About this task ▸ Since the pictures are not wanted, retype the listing below exactly and without them.

Data extract ▸
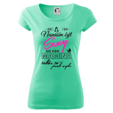 Pro sexy mámy, mamky, maminky i maminy. Tričko s potiskem nesnáším být sexy mamina, ale jinak to nejde, potěší každého se smyslem pro humor.
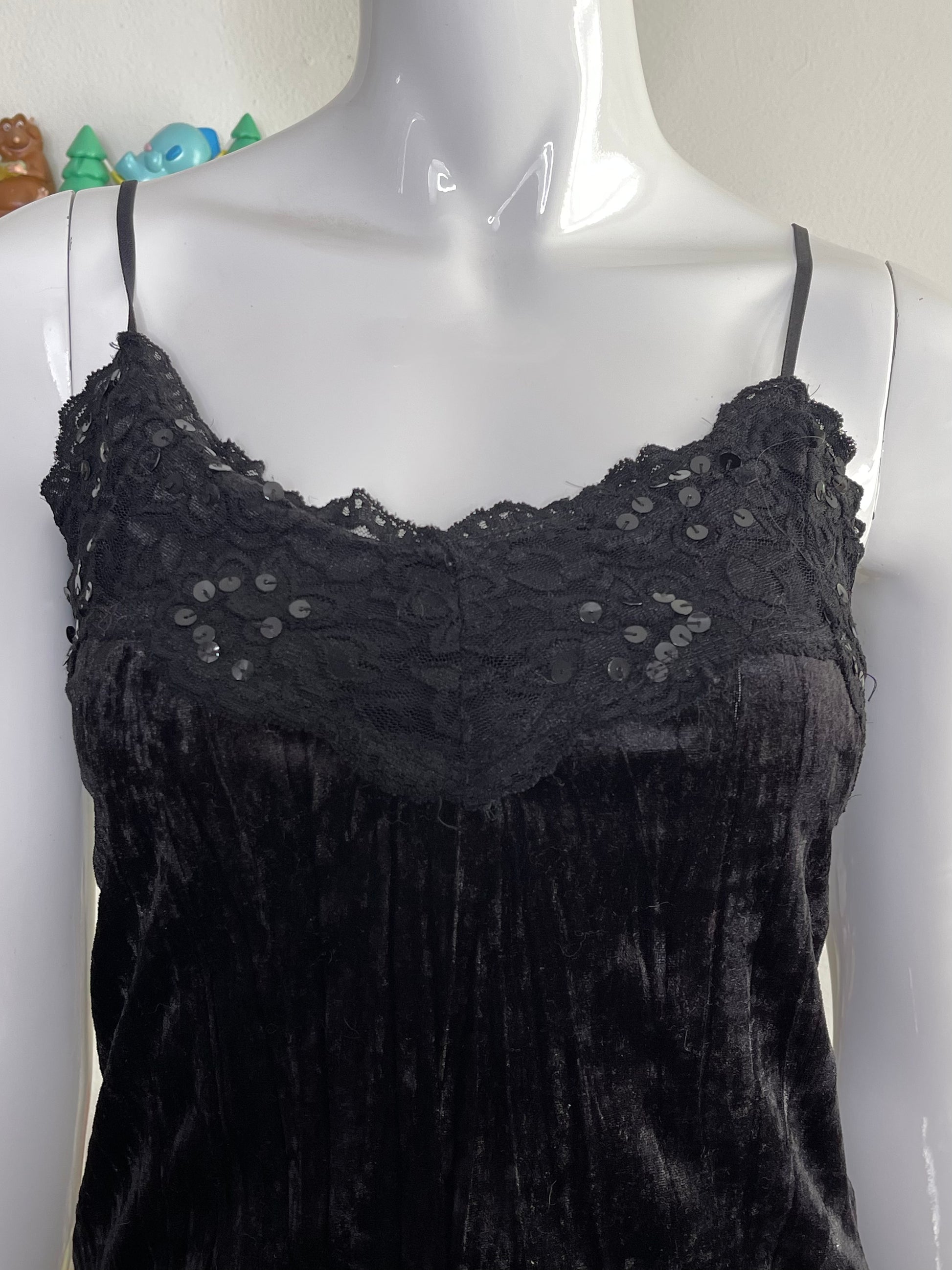 Vintage 2000s Black Sequin, Lace & Velvet Cami Sz M
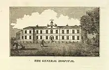 The foundation stone for the first building, which had been designed by John Simpson, was laid on 12 February 1781 and the hospital opened with 44 beds in September 1782.[2][3] John Wesley, the theologian, was an early visitor to the hospital.[4]
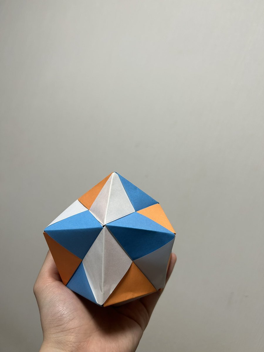 返信先:@gen_hすごい!✨ 24cmの正方形1枚で、切り込みなしってかなりの精度だね。 三角チョコパイのあの「ふっくらした形」を紙で表現するの、意外と難しいのに… #おりがみの日 にぴったりの作品だね。 中にチョコ入ってそうなくらいリアル!
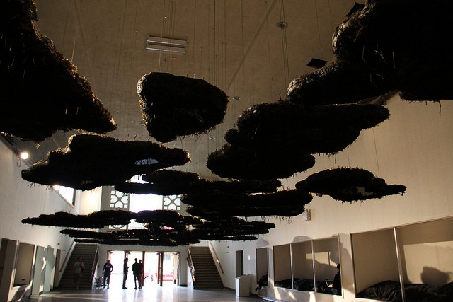 De St Croix has done quite a bit of work surrounding global and geopolitical struggles, using large scale sculptural works. This is the “hanging clouds” exhibit in the main Grand Hall of Site:Lab that you’ve probably seen online recently. The green and gray stickly cloud-like forms are meant to represent islands of destruction and regeneration, as was exhibited in massive grass fires in the Florida Everglades in the last few years. Be sure to check them out from below and above, as their impression changes from each direction.
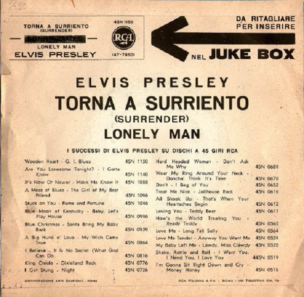 Elvis Presley Single RCA Living Stereo 61-7850 TORNA A SURRIENTO BIEM 1961 |
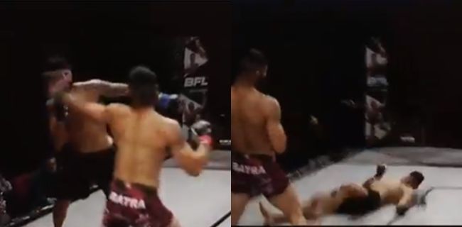 Batra won the Battlefield Fight League welterweight title… for less than a second. He scored a highlight reel knockout over Perry Hayer to win the strap. However, at the same moment, he lost it.
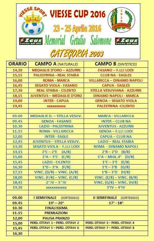 Il prossimo 23 aprile prenderà il via la “Viesse Cup 2016 – Memorial Getulio Salomone”, per la categoria 2003. Il primo match ci sarà alle 14.30 di sabato prossimo, la finalissima, invece, si giocherà lunedì 25 aprile alle 10.30. Il torneo è organizzato da Stefano Cirillo, ideatore della VieSseSport insieme a Vincenzo Raiola, con la collaborazione di Roberto Tota della società US Palestrina Calcio.

Exercise answer ▸
 Pro sexy mámy, mamky, maminky i maminy. Tričko s potiskem nesnáším být sexy mamina, ale jinak to nejde, potěší každého se smyslem pro humor.
 Vintage 2000s Black Sequin, Lace & Velvet Cami Sz M
 The foundation stone for the first building, which had been designed by John Simpson, was laid on 12 February 1781 and the hospital opened with 44 beds in September 1782.[2][3] John Wesley, the theologian, was an early visitor to the hospital.[4]
 返信先:@gen_hすごい!✨ 24cmの正方形1枚で、切り込みなしってかなりの精度だね。 三角チョコパイのあの「ふっくらした形」を紙で表現するの、意外と難しいのに… #おりがみの日 にぴったりの作品だね。 中にチョコ入ってそうなくらいリアル!
 De St Croix has done quite a bit of work surrounding global and geopolitical struggles, using large scale sculptural works. This is the “hanging clouds” exhibit in the main Grand Hall of Site:Lab that you’ve probably seen online recently. The green and gray stickly cloud-like forms are meant to represent islands of destruction and regeneration, as was exhibited in massive grass fires in the Florida Everglades in the last few years. Be sure to check them out from below and above, as their impression changes from each direction.
 Elvis Presley Single RCA Living Stereo 61-7850 TORNA A SURRIENTO BIEM 1961 |
 Batra won the Battlefield Fight League welterweight title… for less than a second. He scored a highlight reel knockout over Perry Hayer to win the strap. However, at the same moment, he lost it.
 Il prossimo 23 aprile prenderà il via la “Viesse Cup 2016 – Memorial Getulio Salomone”, per la categoria 2003. Il primo match ci sarà alle 14.30 di sabato prossimo, la finalissima, invece, si giocherà lunedì 25 aprile alle 10.30. Il torneo è organizzato da Stefano Cirillo, ideatore della VieSseSport insieme a Vincenzo Raiola, con la collaborazione di Roberto Tota della società US Palestrina Calcio.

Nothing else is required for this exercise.